Scene 1 — Shot Extensions Required
Scene 1 is the critical bottleneck: three consecutive VO shots with stems ~2x their windows. Scene 1 was also at 33s vs the 40-50s Musical Arc target, so extensions IMPROVE pacing.
| Shot | Current | Extended | Rationale |
|---|---|---|---|
| 1.2 | 6s | 9s | vo_1_2 (12.56s→11.4s @1.1x) starts at 0s, bleeds 2.4s into 1.3 |
| 1.3 | 7s | 9s | vo_1_2 bleed ends at 2.4s. Pause. vo_1_3 (6.44s→5.85s @1.1x) starts at 3s, ends at 8.85s. Fits. |
| 1.4 | 6s | 8s | vo_1_4 (7.96s→7.24s @1.1x) starts at 0.5s, ends at 7.74s. Fits. |
New Scene 1 total: 4 + 9 + 9 + 8 + 10 = 40s (was 33s). Now ON TARGET for Musical Arc Movement I (40-50s).
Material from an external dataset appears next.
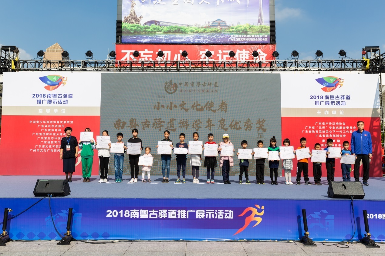 当日南粤古驿道推广展示活动正值省“三师”专业志愿者下乡服务四周年,现场领导嘉宾还为邹钢民、熊爱武、陈世军等新加入的志愿者颁发了证书,为南粤古驿道文创大赛、艺道游学少儿绘画大赛颁发年度大奖。文创大赛和少儿绘画大赛从筹备、启动、推进到深化,赛事影响日益扩大,使古驿道走进青少年儿童,走进寻常百姓家。

New raw film total: 251s. With branding: ~266s = 4:26. Still within 3:00-5:00. ✅
Full Stem Map (with fixes applied)
VO STEMS — @atempo 1.1x globally
| Stem | Raw | @1.1x | Shot | Shot Dur | Placement | Status |
|---|---|---|---|---|---|---|
| vo_0_1 | 6.96s | 6.33s | 0.1 | 8s | 0.5s→6.83s | ✅ Fits |
| vo_1_2 | 12.56s | 11.42s | 1.2 | 9s* | 0s→9s, bleeds 2.4s into 1.3 | ✅ Bleed |
| vo_1_3 | 6.44s | 5.85s | 1.3 | 9s* | 3.0s→8.85s | ✅ Fits |
| vo_1_4 | 7.96s | 7.24s | 1.4 | 8s* | 0.5s→7.74s | ✅ Fits |
| vo_2_2 | 3.48s | 3.16s | 2.2 | 4s | 0s→3.16s | ✅ Fits |
| vo_2_4 | 6.28s | 5.71s | 2.4 | 4s | 0s→4s, bleeds 1.7s into 2.5 (SILENT) | ✅ Bleed |
| vo_2_7 | 5.08s | 4.62s | 2.7 | 5s | 0s→4.62s | ✅ Fits |
| vo_2_9 | 5.16s | 4.69s | 2.9 | 5s | 0s→4.69s | ✅ Fits |
| vo_2_12 | 5.00s | 4.55s | 2.12 | 6s | 0s→4.55s | ✅ Fits |
| vo_2_15 | 2.52s | 2.29s | 2.15 | 4s | 2s→4.29s | ✅ Fits (after bell slap) |
| vo_2_19 | 5.64s | 5.13s | 2.19 | 5s | 0s→5s, bleeds 0.13s into 2.20 (SILENT) | ✅ Trivial bleed |
| vo_3_1 | 7.16s | 6.51s | 3.1 | 6s | 0s→6s, bleeds 0.51s into 3.2 (SILENT) | ✅ Trivial bleed |
| vo_3_5 | 5.44s | 4.95s | 3.5 | 6s | 2s→6.95s, bleeds 0.95s into 3.6 (SILENT) | ✅ Trivial bleed |
| vo_4_1 | 7.48s | 6.80s | 4.1 | 10s | 1s→7.80s | ✅ Fits |
| vo_4_3 | 8.56s | 7.78s | 4.3 | 10s | 1s→8.78s | ✅ Fits |
| vo_5_2 | 8.76s | 7.96s | 5.2 | 10s | 0s→7.96s | ✅ Fits |
*Extended shots
DIALOGUE STEMS — no atempo needed
| Stem | Duration | Shot | Shot Dur | Status |
|---|---|---|---|---|
| dlg_2_1 (Arthur: “Shoo”) | 2.92s | 2.1 | 5s | ✅ Fits |
| dlg_4_2 (Arthur: “Welcome…“) | 4.20s | 4.2 | 7s | ✅ Fits |
| dlg_4_5 (Vance: “Pendelton…ferret…“) | 5.16s | 4.5 | 6s | ✅ Fits (tight — place at 0.5s) |
| dlg_4_6 (Arthur: “Yes, sir…eleven”) | 3.84s | 4.6 | 8s | ✅ Fits |
| dlg_4_7 (Vance: “Noted”) | 3.92s | 4.7 | 7s | ✅ Fits |
Safety Filter Note
vo_2_19 was rephrased from “Chaos must be contained” to “Disorder must be addressed. There was simply no alternative.” — needs rho-idea creative sign-off. The replacement is slightly longer and less punchy. If rho-idea approves, it works. If not, a regen with the shorter original text should be attempted.
Summary
| Metric | Value |
|---|---|
| Stems verified | 21/21 |
| Atempo applied | 1.1x global |
| Shot extensions | 3 (shots 1.2, 1.3, 1.4: +7s total) |
| VO bleeds required | 5 (all into adjacent SILENT shots) |
| Regens needed | 0 |
| Clipped stems | 0 |
VERDICT: ✅ ALL STEMS RESOLVED. No clipping. source_out in the timeline will encompass full speech duration for every stem.